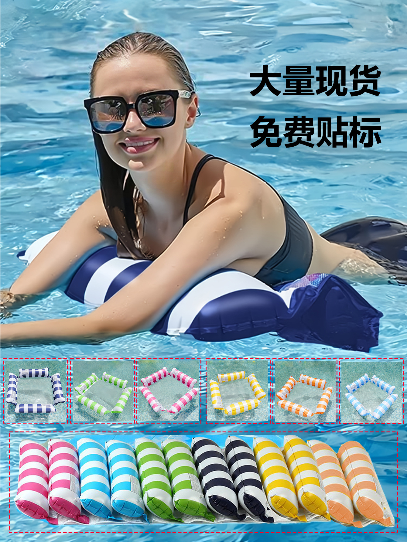 Новый стиль спот трансграничный складной спинки в полоску плавающая кровать надувной человек кресло плавающий стул для взрослых воды гамак
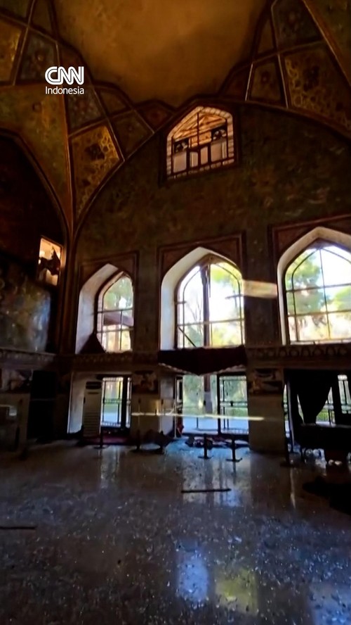 Rekaman video pada Senin (9/3) menunjukkan kerusakan di dalam Istana Chehel Sotoun di Isfahan, Iran di tengah serangan AS-Israel.
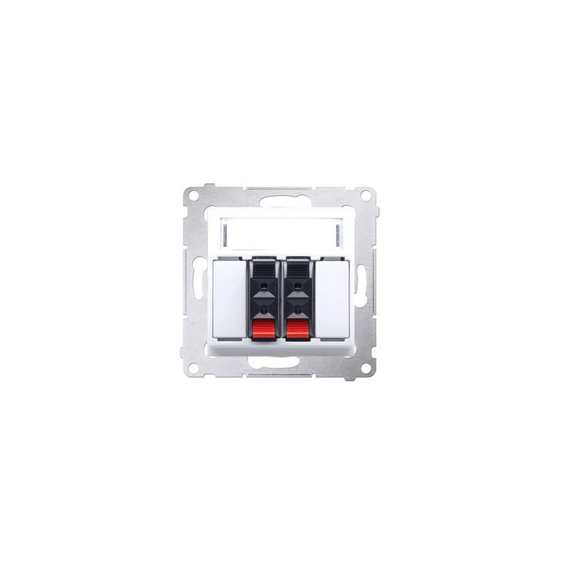 Gniazdo głośnikowe 2-krotne z polem opisowym (moduł). Przekrój przewodów dla wejścia i wyjścia 2,5 mm2; biały
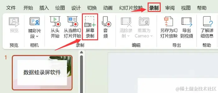 PowerPoint用于制作PPT文稿,但它其实还有好用的录屏功能,可以让用户轻松录制他们在PPT演示文稿中的操作和声音。首先需要点击右上角的 【录制】 ,再点击 【屏幕录制】 ,框选好录制的区域就可以进入录制模式。但PPT录制视频更多的仅限于PPT讲义的录制,使用范围有限。
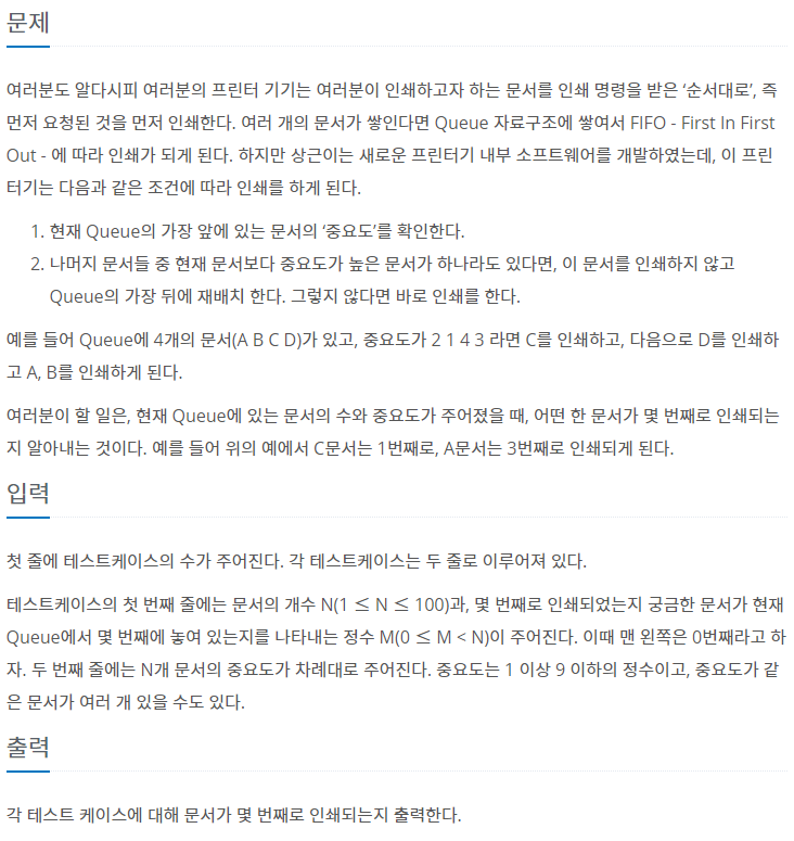우선 Test Case를 입력받아 Queue에 저장하고, 최댓값을 찾았을 때의 index가 입력받은 M과 일치하기 전까지 최댓값을 제거하고, cnt를 증가시켜주는 방식으로 풀이했다.
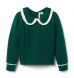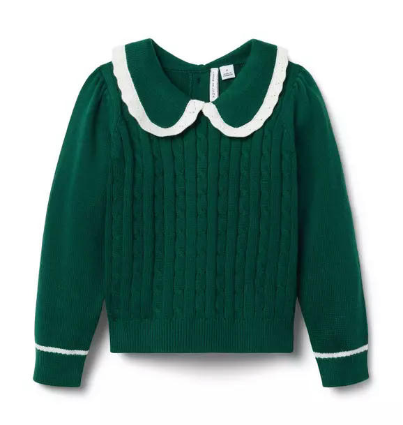 Our cable knit sweater adds a cozy touch to any look. With crochet lace trim at the collar and contrast stripes at the cuffs.
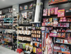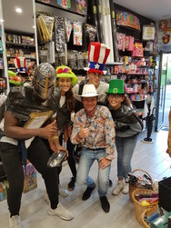 wigs, hats, contact-lenses, makeup,jokes and pranks, balloons and helium, decoration, firecrackers and devices …

____________

--- Goal of the exercise ---
Exactly as they stand, the entries must be written out again, pictures excluded.

--- Output ---
 Новый стиль спот трансграничный складной спинки в полоску плавающая кровать надувной человек кресло плавающий стул для взрослых воды гамак
 Rekaman video pada Senin (9/3) menunjukkan kerusakan di dalam Istana Chehel Sotoun di Isfahan, Iran di tengah serangan AS-Israel.
 Gniazdo głośnikowe 2-krotne z polem opisowym (moduł). Przekrój przewodów dla wejścia i wyjścia 2,5 mm2; biały
 PowerPoint用于制作PPT文稿,但它其实还有好用的录屏功能,可以让用户轻松录制他们在PPT演示文稿中的操作和声音。首先需要点击右上角的 【录制】 ,再点击 【屏幕录制】 ,框选好录制的区域就可以进入录制模式。但PPT录制视频更多的仅限于PPT讲义的录制,使用范围有限。
우선 Test Case를 입력받아 Queue에 저장하고, 최댓값을 찾았을 때의 index가 입력받은 M과 일치하기 전까지 최댓값을 제거하고, cnt를 증가시켜주는 방식으로 풀이했다.
 Our cable knit sweater adds a cozy touch to any look. With crochet lace trim at the collar and contrast stripes at the cuffs.
 wigs, hats, contact-lenses, makeup,jokes and pranks, balloons and helium, decoration, firecrackers and devices …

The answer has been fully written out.